Task item |
In the listing below, locate the line with "Corta los rollitos" and the line with "В рамках партийного", then output both and everything between them exactly, minus any pictures.
BEGIN Data in this exercise
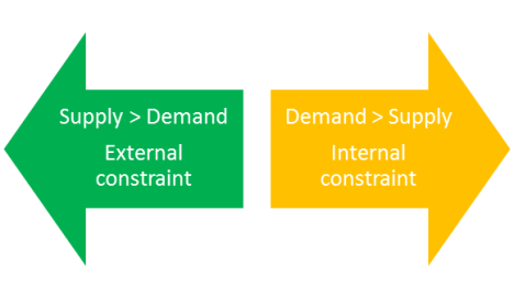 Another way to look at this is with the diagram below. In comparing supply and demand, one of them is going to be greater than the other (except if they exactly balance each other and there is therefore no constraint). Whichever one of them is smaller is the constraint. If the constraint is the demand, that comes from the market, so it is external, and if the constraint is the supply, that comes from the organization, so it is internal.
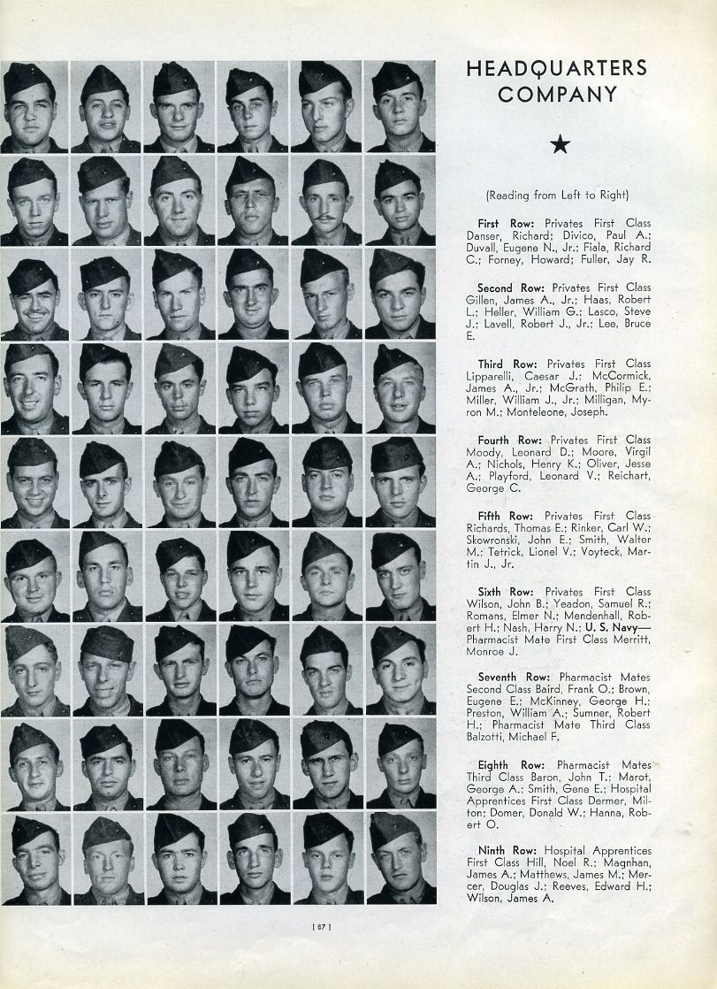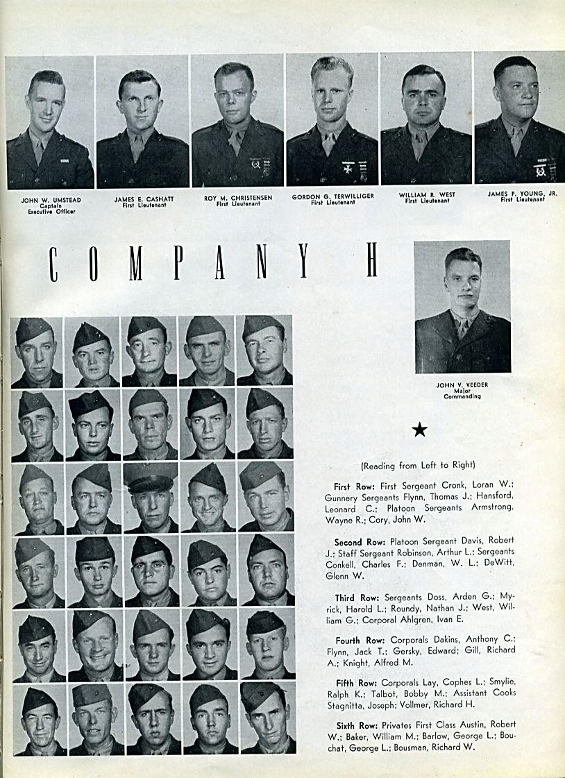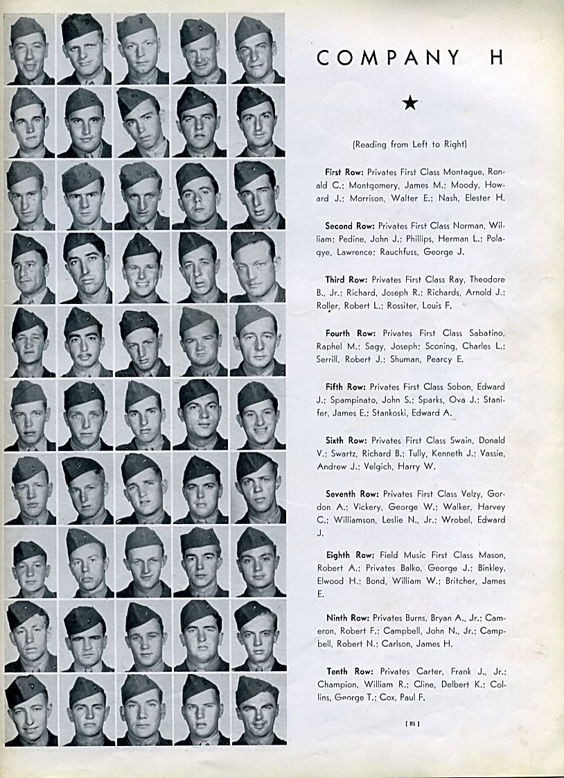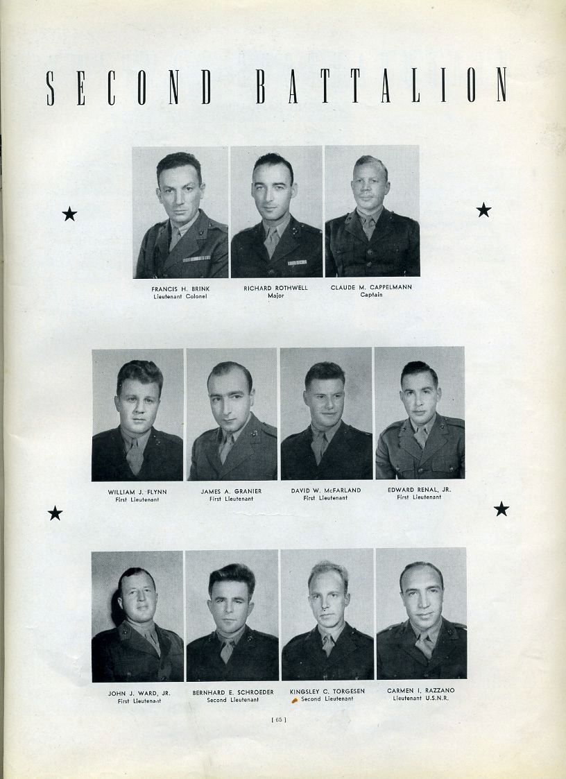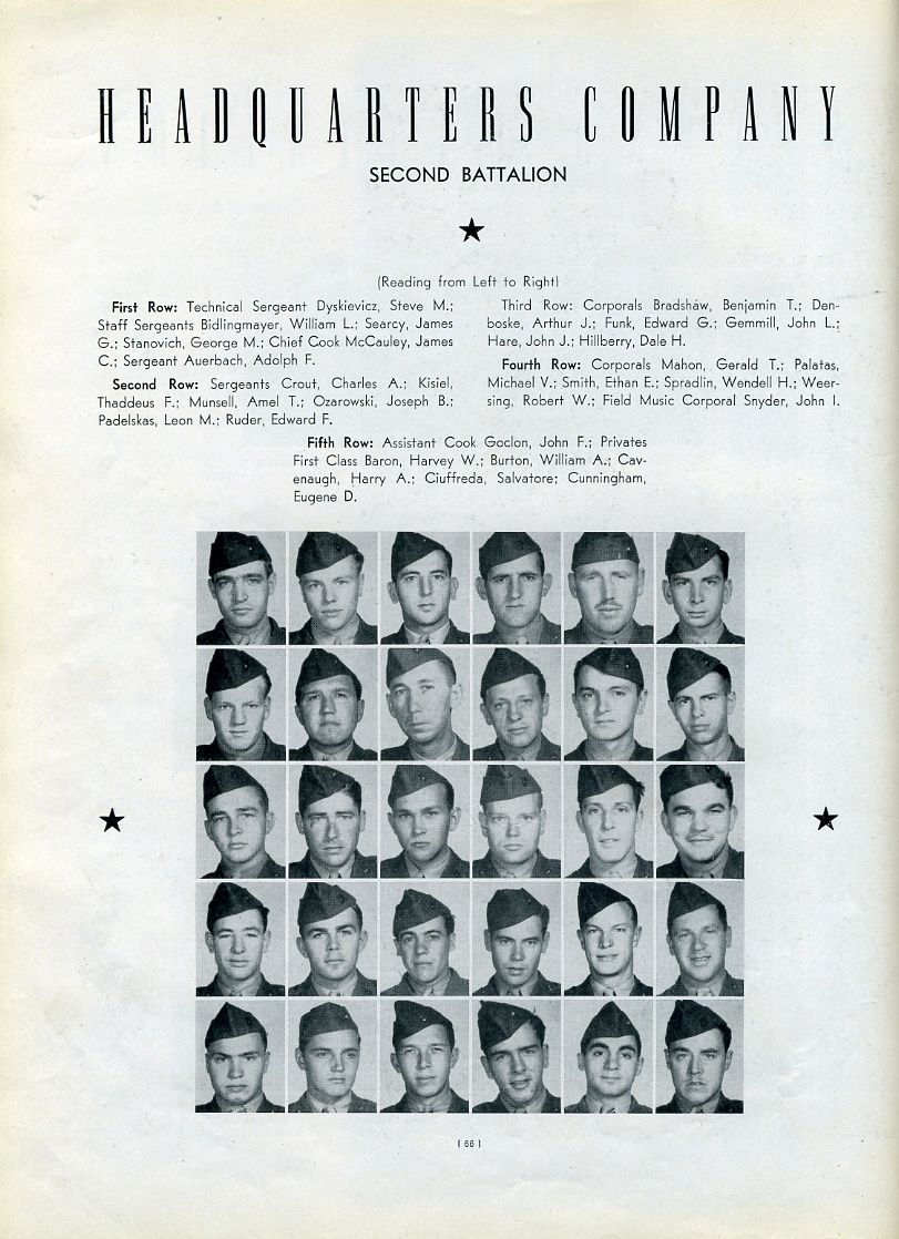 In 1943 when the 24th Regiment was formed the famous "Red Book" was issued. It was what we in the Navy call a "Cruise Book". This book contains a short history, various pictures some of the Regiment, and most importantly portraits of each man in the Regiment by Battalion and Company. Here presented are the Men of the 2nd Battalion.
END Data in this exercise
BEGIN Data in this exercise
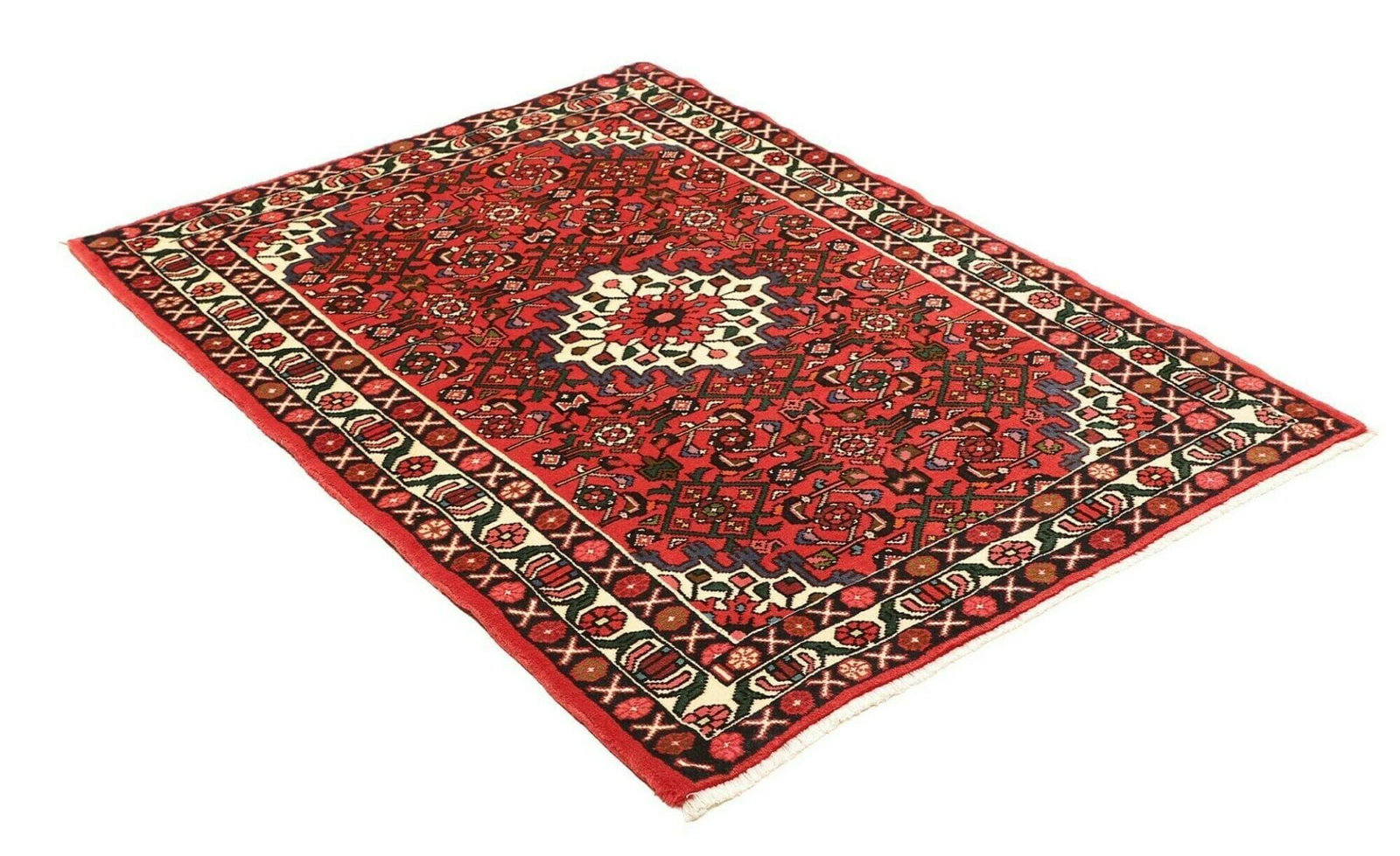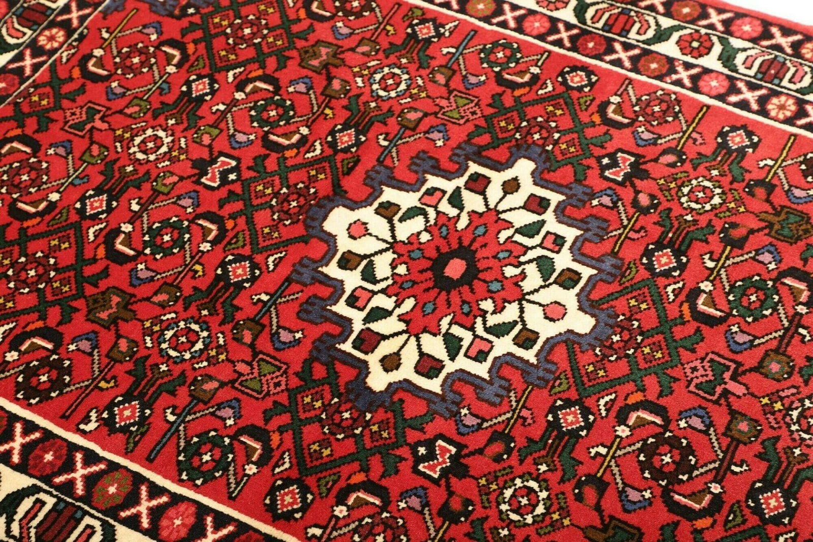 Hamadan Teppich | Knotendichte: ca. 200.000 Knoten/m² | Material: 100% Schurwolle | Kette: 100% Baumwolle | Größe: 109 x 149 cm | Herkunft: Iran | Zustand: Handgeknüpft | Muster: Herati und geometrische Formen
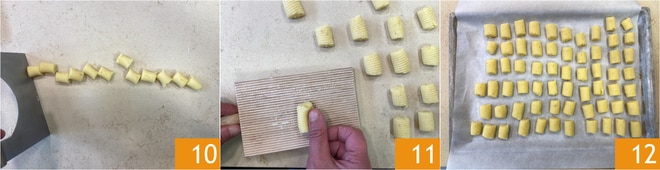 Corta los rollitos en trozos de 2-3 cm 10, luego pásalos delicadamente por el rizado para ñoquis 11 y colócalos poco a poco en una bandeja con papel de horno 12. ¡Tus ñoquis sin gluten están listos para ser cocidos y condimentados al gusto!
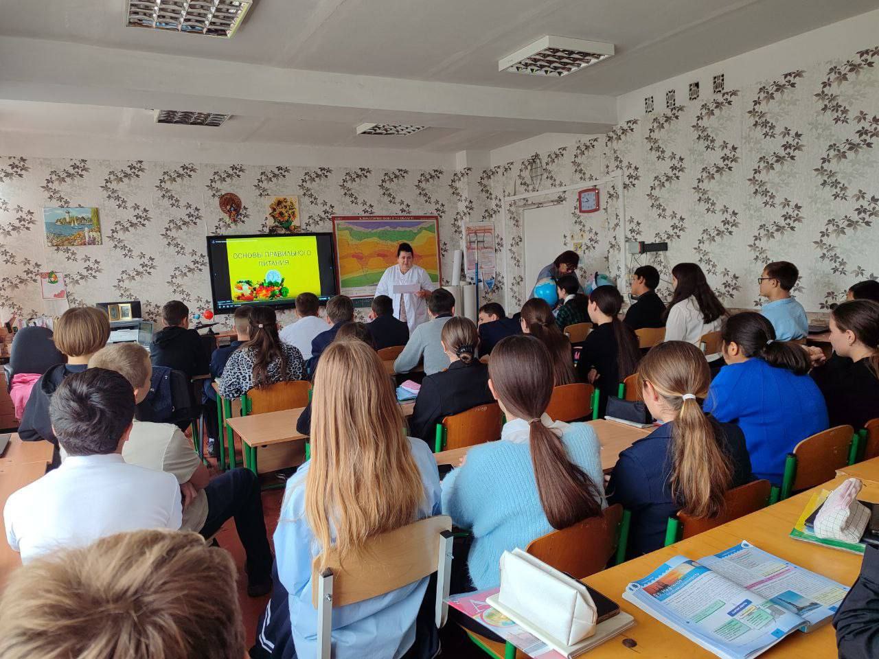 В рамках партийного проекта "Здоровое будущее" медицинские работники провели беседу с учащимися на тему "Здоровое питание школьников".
END Data in this exercise
Output for this exercise |
 Corta los rollitos en trozos de 2-3 cm 10, luego pásalos delicadamente por el rizado para ñoquis 11 y colócalos poco a poco en una bandeja con papel de horno 12. ¡Tus ñoquis sin gluten están listos para ser cocidos y condimentados al gusto!
 В рамках партийного проекта "Здоровое будущее" медицинские работники провели беседу с учащимися на тему "Здоровое питание школьников".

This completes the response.